**Task to carry out**
Beginning at the line that contains "- Modelul are" and finishing at the line that contains "一位志愿者,虽然只是小小的个", output the data below exactly. Include both end lines and no pictures.

**Available data**
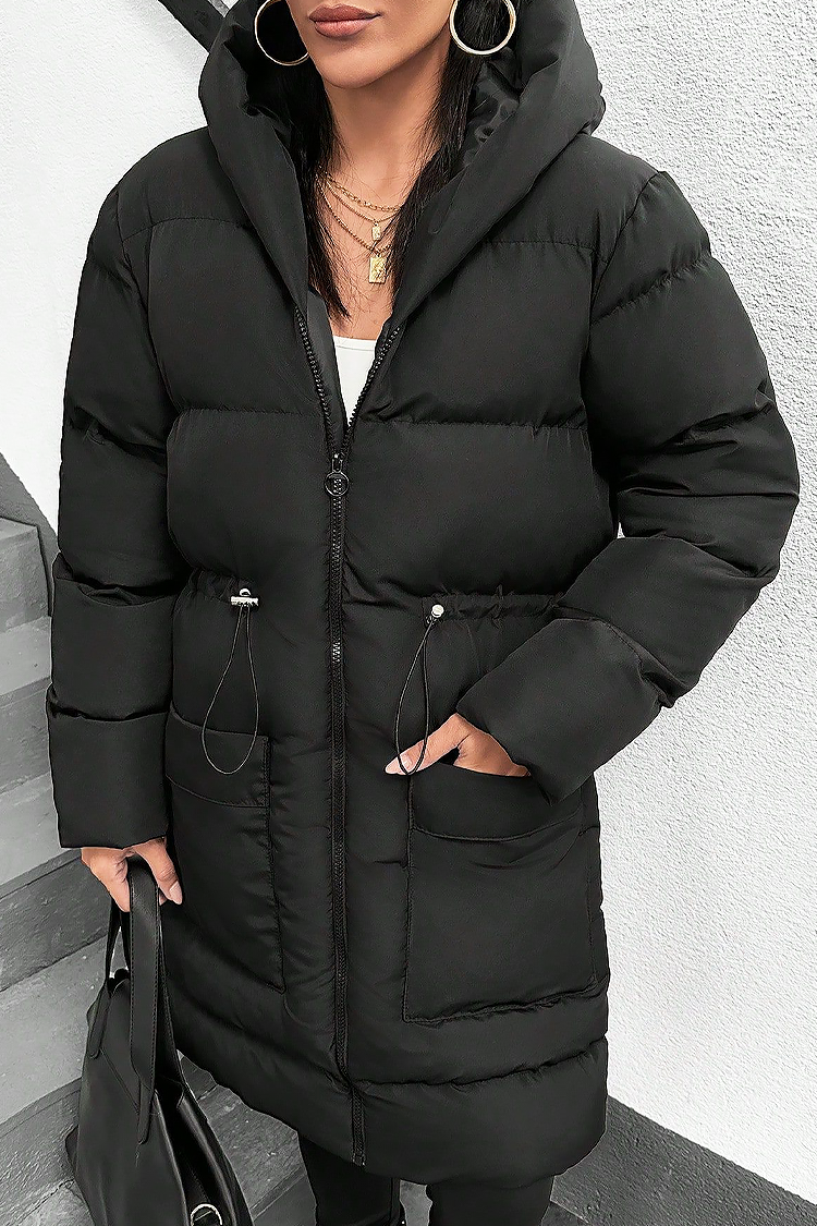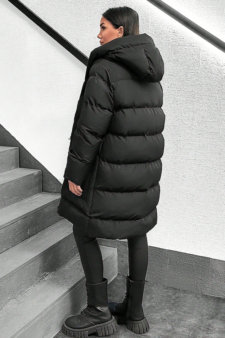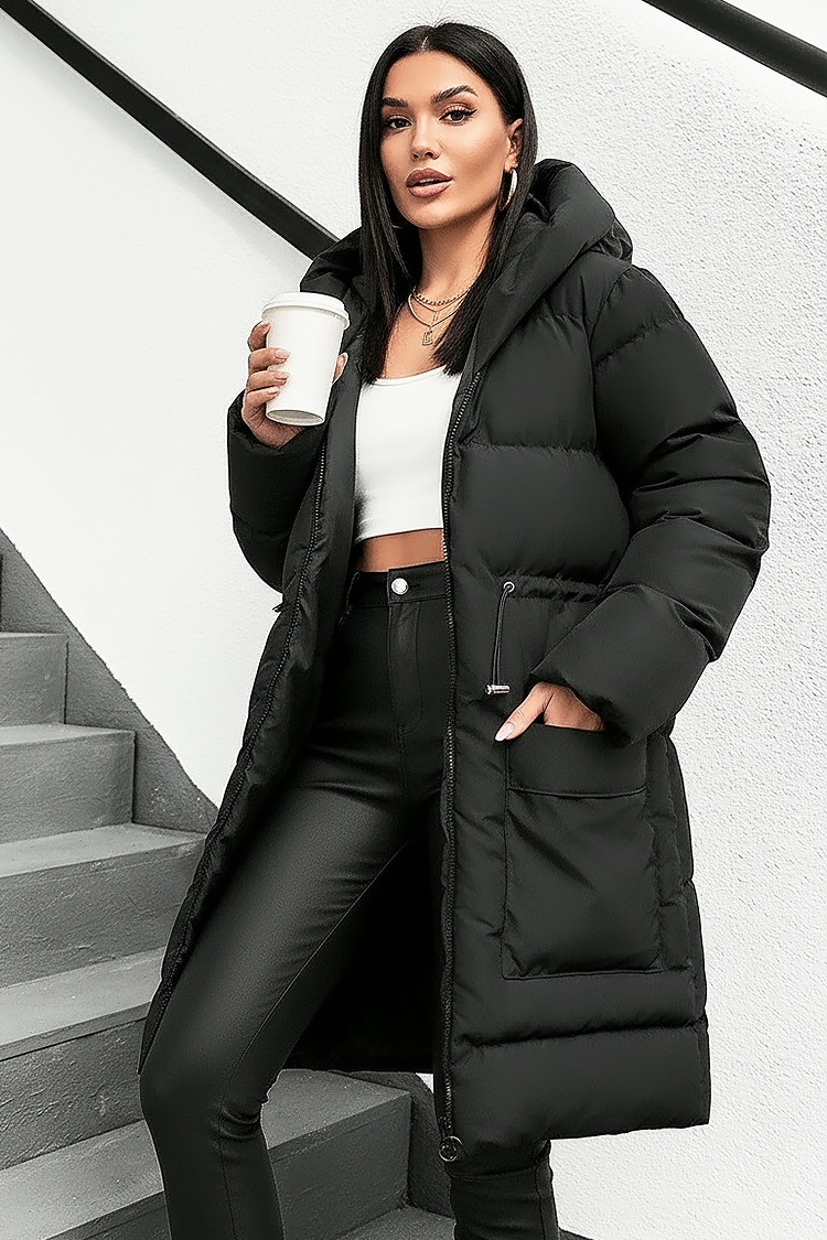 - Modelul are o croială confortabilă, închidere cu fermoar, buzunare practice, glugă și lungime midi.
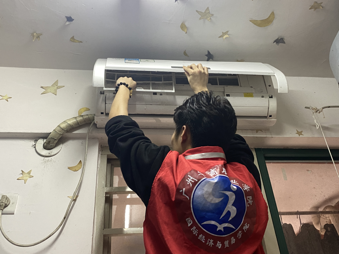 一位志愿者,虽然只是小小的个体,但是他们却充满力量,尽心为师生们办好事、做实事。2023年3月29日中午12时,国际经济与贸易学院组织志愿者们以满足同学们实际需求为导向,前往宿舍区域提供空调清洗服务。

...

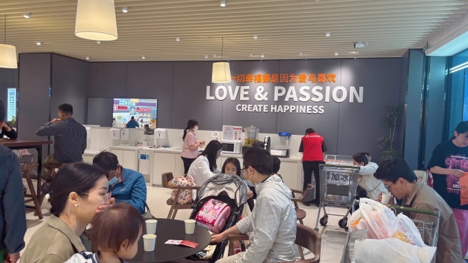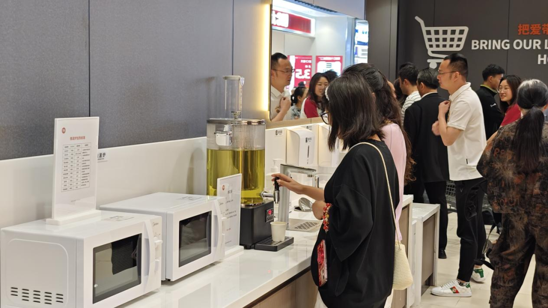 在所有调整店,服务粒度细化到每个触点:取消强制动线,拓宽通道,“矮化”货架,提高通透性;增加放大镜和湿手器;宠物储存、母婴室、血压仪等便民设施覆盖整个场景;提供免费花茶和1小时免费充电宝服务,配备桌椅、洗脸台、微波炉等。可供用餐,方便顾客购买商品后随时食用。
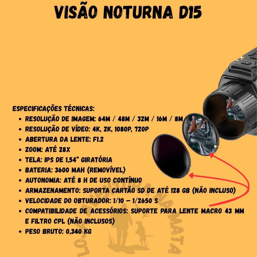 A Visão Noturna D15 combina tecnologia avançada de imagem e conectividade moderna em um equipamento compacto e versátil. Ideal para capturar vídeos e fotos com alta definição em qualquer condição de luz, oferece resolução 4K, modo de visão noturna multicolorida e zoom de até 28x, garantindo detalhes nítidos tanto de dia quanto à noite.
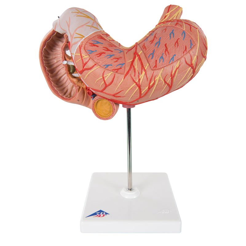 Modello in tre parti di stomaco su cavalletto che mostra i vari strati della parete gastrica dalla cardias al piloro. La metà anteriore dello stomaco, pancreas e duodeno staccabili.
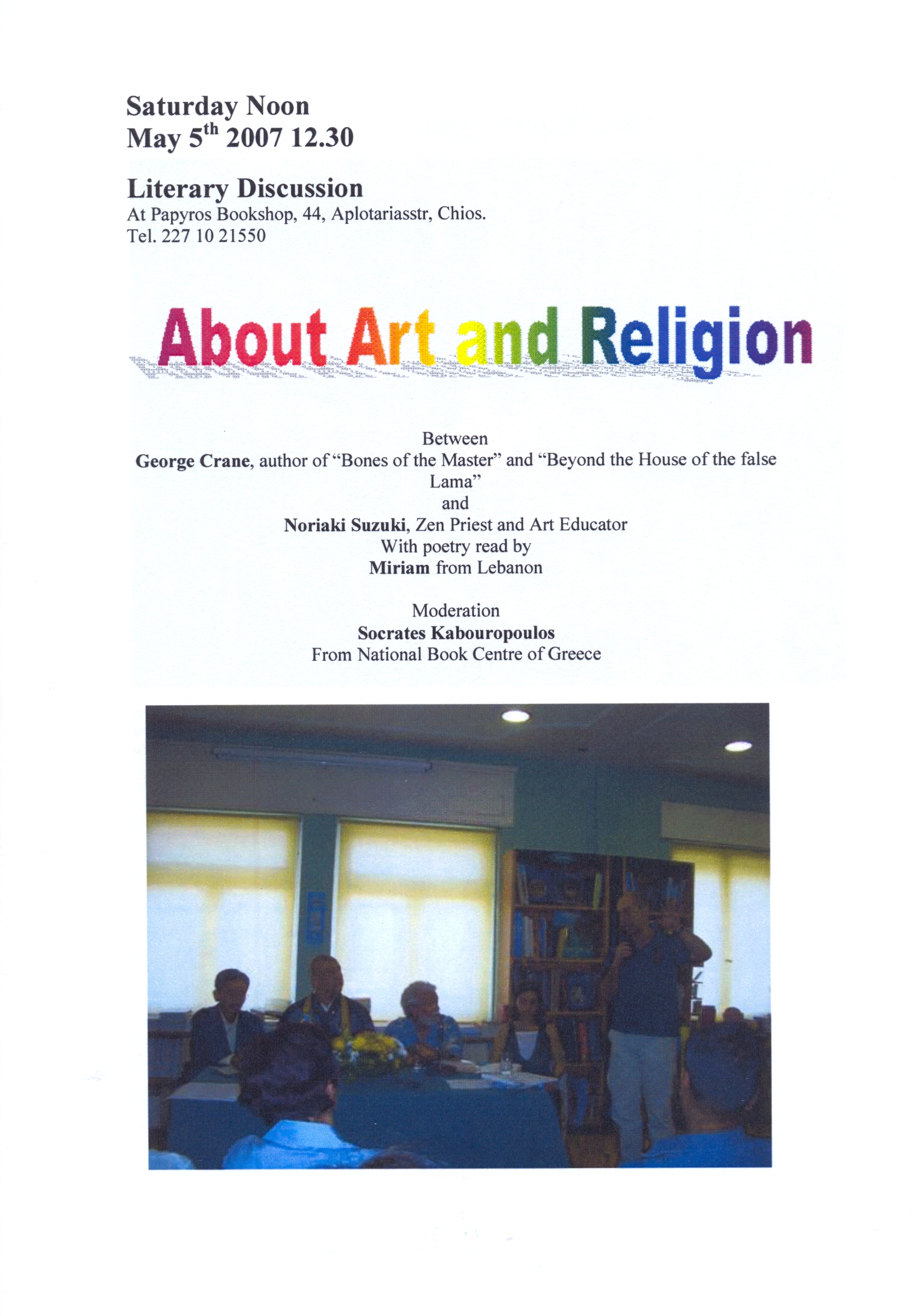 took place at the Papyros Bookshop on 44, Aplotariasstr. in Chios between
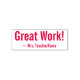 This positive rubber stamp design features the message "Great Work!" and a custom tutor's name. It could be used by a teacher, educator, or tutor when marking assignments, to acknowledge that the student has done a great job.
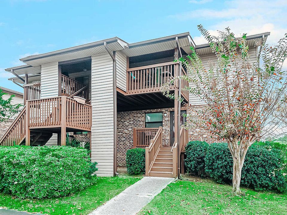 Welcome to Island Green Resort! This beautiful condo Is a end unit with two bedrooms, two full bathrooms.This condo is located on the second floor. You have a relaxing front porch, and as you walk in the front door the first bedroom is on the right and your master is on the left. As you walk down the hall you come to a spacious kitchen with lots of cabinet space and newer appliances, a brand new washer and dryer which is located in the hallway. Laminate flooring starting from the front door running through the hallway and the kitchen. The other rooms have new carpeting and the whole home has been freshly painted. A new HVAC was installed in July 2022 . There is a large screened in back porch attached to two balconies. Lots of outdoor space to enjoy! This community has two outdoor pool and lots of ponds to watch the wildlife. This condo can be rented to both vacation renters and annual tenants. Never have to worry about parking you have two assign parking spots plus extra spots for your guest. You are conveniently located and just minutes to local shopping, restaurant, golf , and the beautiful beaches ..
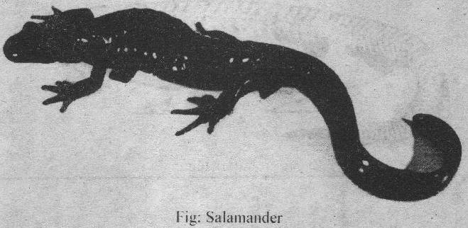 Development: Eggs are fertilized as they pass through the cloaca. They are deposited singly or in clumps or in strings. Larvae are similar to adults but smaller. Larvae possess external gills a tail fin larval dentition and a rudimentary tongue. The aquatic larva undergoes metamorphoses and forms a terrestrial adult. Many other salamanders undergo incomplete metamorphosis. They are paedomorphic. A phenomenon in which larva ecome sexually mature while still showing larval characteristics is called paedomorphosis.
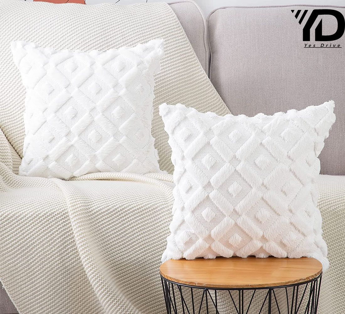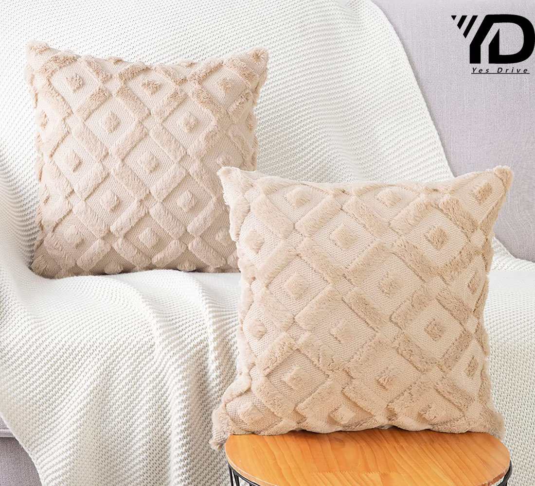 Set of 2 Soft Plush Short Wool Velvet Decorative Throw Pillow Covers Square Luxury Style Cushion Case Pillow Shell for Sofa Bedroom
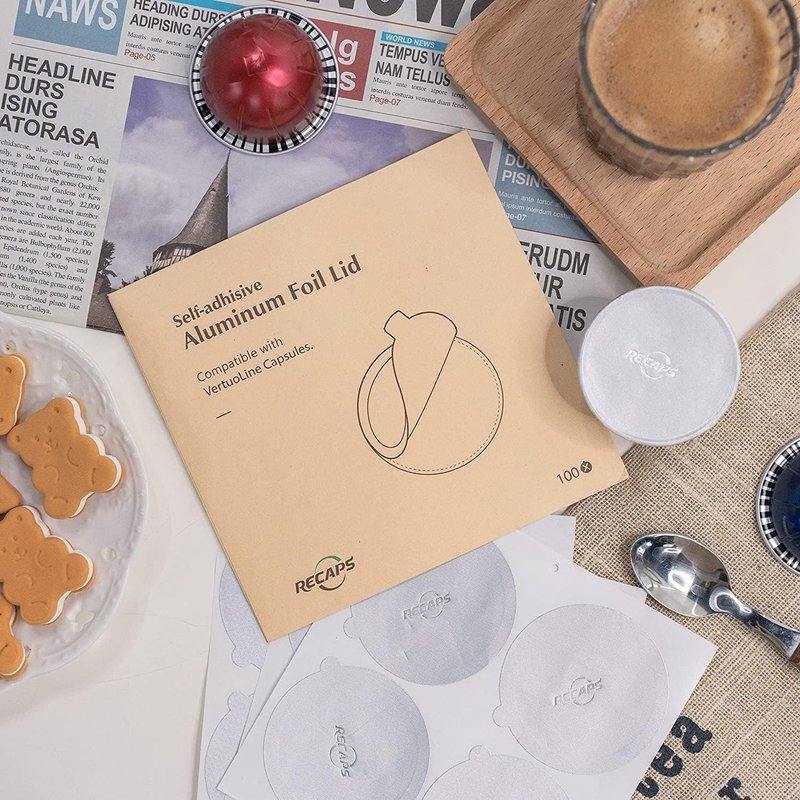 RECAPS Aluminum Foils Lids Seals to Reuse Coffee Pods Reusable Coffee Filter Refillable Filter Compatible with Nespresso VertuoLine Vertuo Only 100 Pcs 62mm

**Final answer**
 - Modelul are o croială confortabilă, închidere cu fermoar, buzunare practice, glugă și lungime midi.
 一位志愿者,虽然只是小小的个体,但是他们却充满力量,尽心为师生们办好事、做实事。2023年3月29日中午12时,国际经济与贸易学院组织志愿者们以满足同学们实际需求为导向,前往宿舍区域提供空调清洗服务。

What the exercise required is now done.